Comment 3 Vittorio 2009-10-14 21:20:56 UTC
what do you mean by "right addresses"? if you mean access rights, yes as i'm running by root, otherwise if by address you mean the other nodes of the clusters, yes they are mapped correctly through opensm
Comment 4 Justin Lecher (RETIRED) gentoo-dev 2009-10-15 06:40:11 UTC
(In reply to comment #3)
> what do you mean by "right addresses"? 
The ones who I assigned the bug too. I didn't really get which package gave you the trouble so I chosse a little blind the maintainer who I assigned the bug to. Perhaps I missed someone.

Comment 5 Alexey Shvetsov archtester gentoo-dev 2009-10-15 11:36:00 UTC
(In reply to comment #3)
> what do you mean by "right addresses"? if you mean access rights, yes as i'm
> running by root, otherwise if by address you mean the other nodes of the
> clusters, yes they are mapped correctly through opensm
> 

yep. right address is me. but i cant test mlx4 driver since i only has mthca rdma devices. so what i can recomend is to try another kernel version or so. also what actual version of libmlx4 did you tried?
Comment 6 Vittorio 2009-11-02 14:07:55 UTC
this bug applies also with the unstable kernel 2.6.31-r4
Comment 7 Dawid Węgliński (RETIRED) gentoo-dev 2010-09-29 12:02:13 UTC
Is this still a problem for you? If so, could you share some information about your hardware specification?
Comment 8 Matthias Schoepfer 2010-10-01 13:14:07 UTC
(In reply to comment #7)
> Is this still a problem for you? If so, could you share some information about
> your hardware specification?

I was having the same issue, if I recall correctly, I could resolve the issue by updating the firmware of the infiniband cards (We have some DELL OEM carda). But I also recall that I installed libibverbs and libmlx4 from source. There was some issue with the gentoo-ebuild... 

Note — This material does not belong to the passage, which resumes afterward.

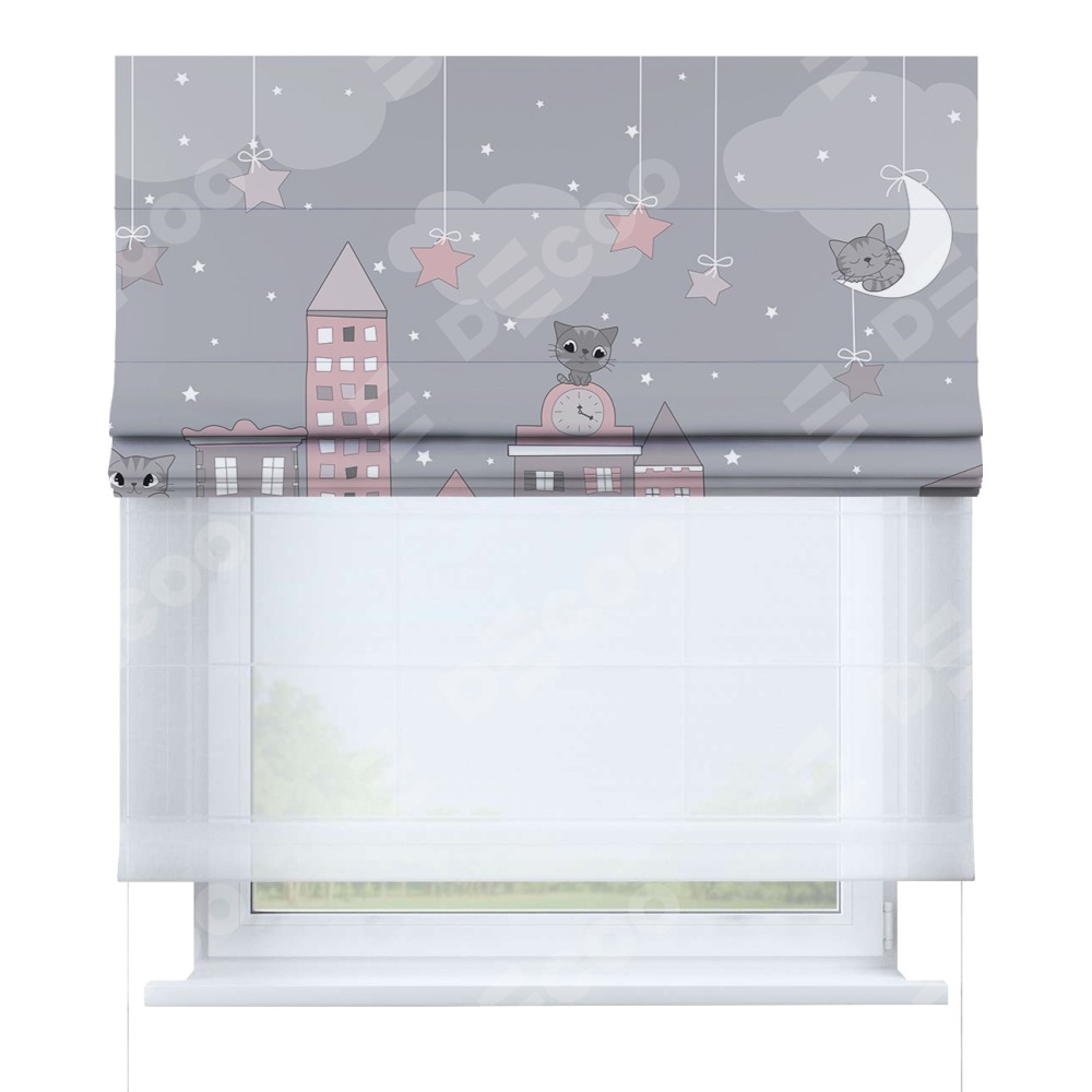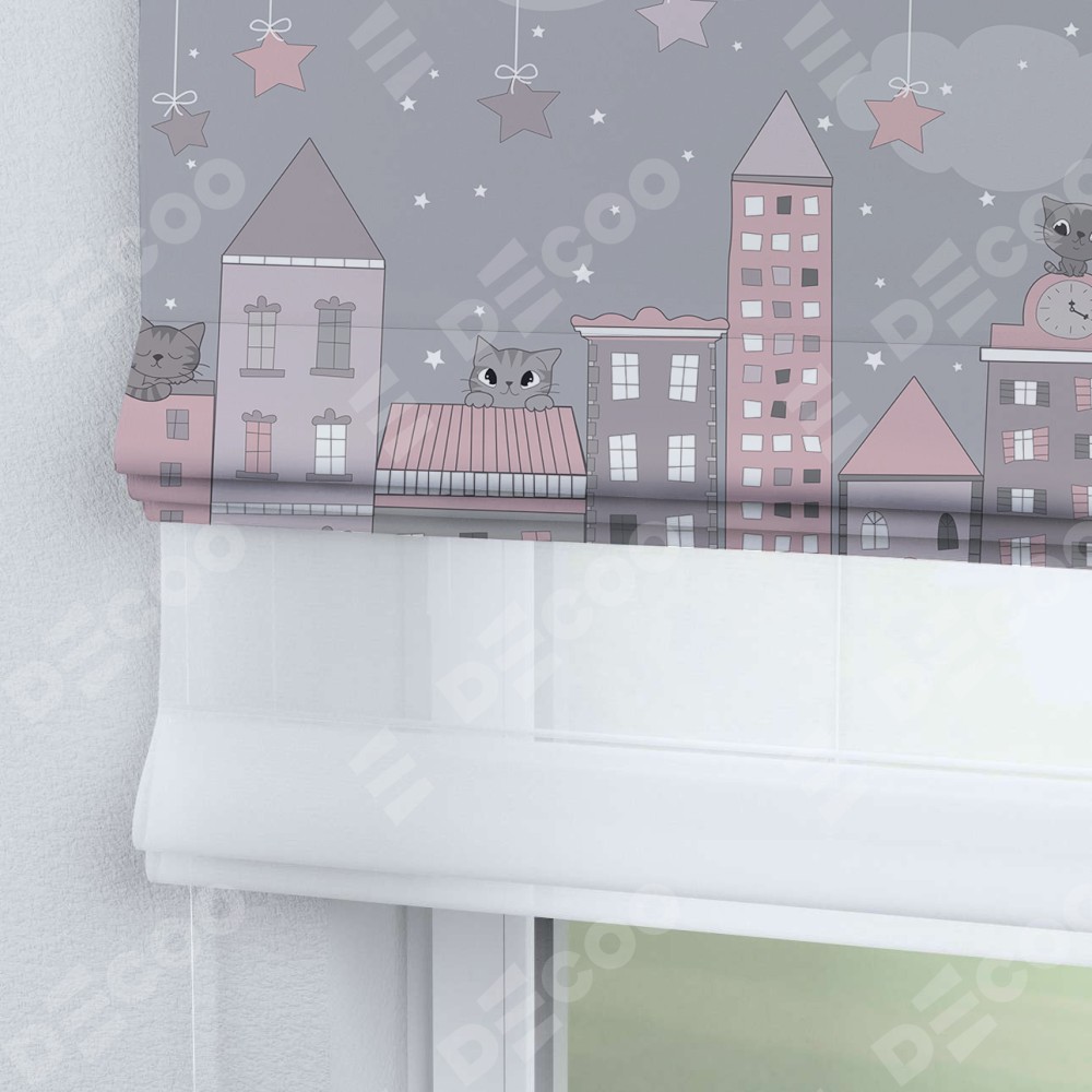 Римская штора день-ночь производителя «Cortin», используется для проёма, пошита из двух полотен, с лицевой блэкаут с нанесением сублимационной печати «Вечерний город», вторая ткань тюль (по стандарту комплектуется тюль белого цвета артикул V-01). Имеет универсальный механизм и подходит для монтажа: на потолок, на стену и в нишу.

All I actually can recall is that this issue hat absolutely nothing to do with the kernel, as it was configured correctly. It was rather an issue with the userspace libs... 

Hope that helps... 

Comment 9 Dawid Węgliński (RETIRED) gentoo-dev 2010-10-01 17:42:12 UTC
Googling a bit about this issue gave me the same informations - firmware upgrade resolved everyone's problem.